RESEARCH DATA MANAGEMENT SERVICE GROUP
Comprehensive Data Management Planning & Services

File formats

"Working" file formats, those used in the course of collecting and working with project data, are not always ideal for re-use or long-term preservation, and may not meet the requirements of data archives or repositories or satisfy the expectations of research funders.

In the absence of specific directives from funders or repositories, we offer the following general guidelines for selecting file formats for preservation and reuse. eCommons@Cornell provides more detailed information in their support document, Recommended File Formats for eCommons.

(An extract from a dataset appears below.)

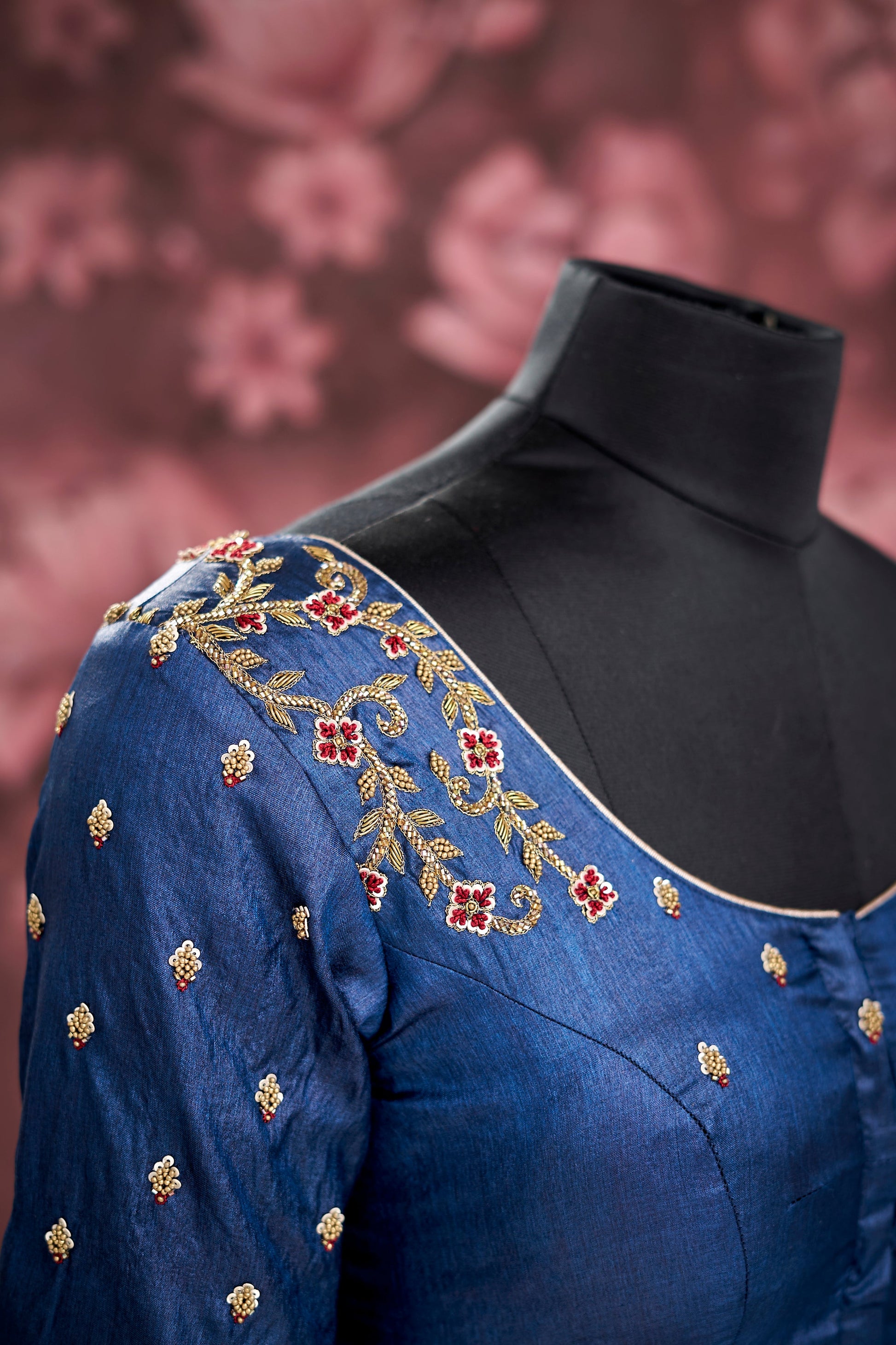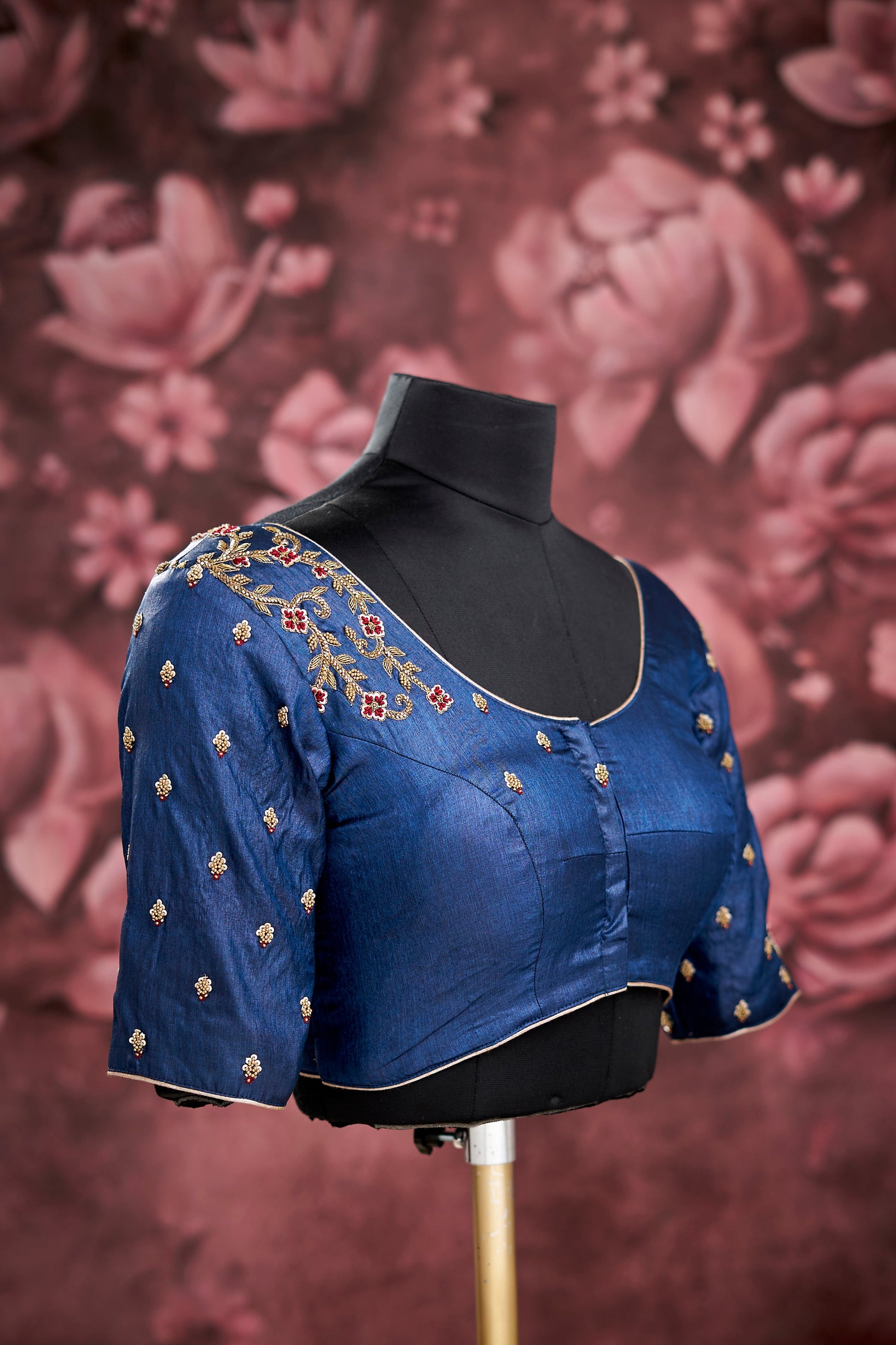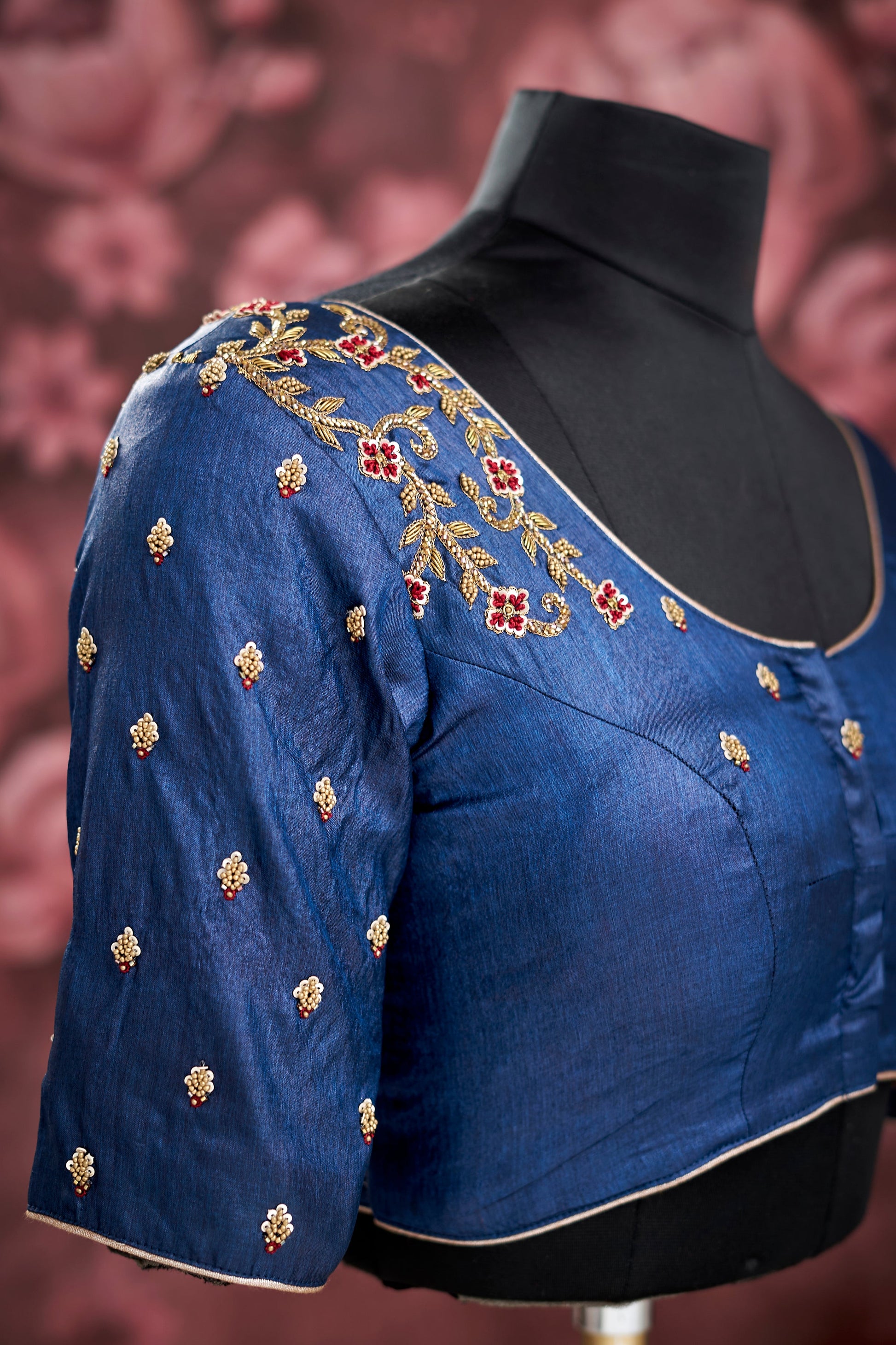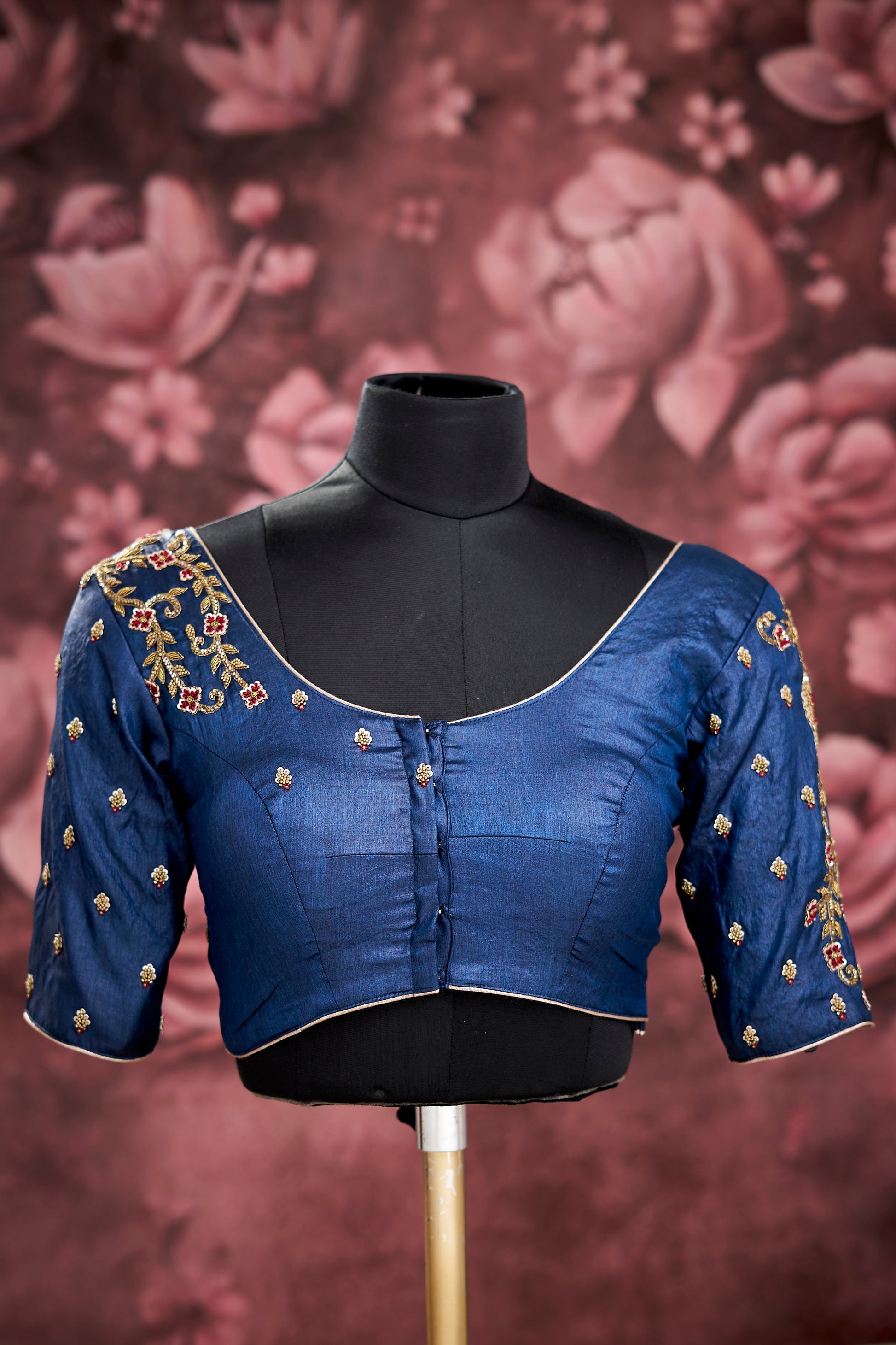 Description : Navy Blue Pure Tusser Silk Unstitched fabric, with hand crafted embroidery contains of Gold Beads, Zardosi, Chumki, Gold Zari and Silk thread.

Principles for selecting file formats

Select open, non-proprietary formats

Open, non-proprietary formats are far more likely to remain usable even if the software that created them is not available or no longer functional. Formats whose documentation is complete and freely available also have a higher likelihood of long-term preservation. If the program that created the file is the only option for reading or accessing the data, it is likely to be a proprietary, non-open format. As a general rule, plain text formats, such as comma- or tab- delimited files, are open formats and are typically better for re-use and long-term preservation.

  • Example of a proprietary format: Photoshop .psd file
  • Example of an open format: .tiff image file

Select "lossless" formats

Formats that compress the information in a file are often smaller, but the compression often permanently removes data from the file. These formats are "lossy," while formats that do not result in the loss of information when uncompressed are "lossless."

  • Example of lossy formats: .mp3 audio file, .jpeg image file
  • Example of lossless formats: .wav audio file, .tiff image file

Select unencrypted and uncompiled formats

If the encryption key, passphrase, or password to a file is lost, there may be no way to retrieve the data from the file later, rendering it unusable to others. Uncompiled source code is more readily re-usable by others and has a far greater likelihood of remaining usable over time since recompiling is possible on different architectures and platforms.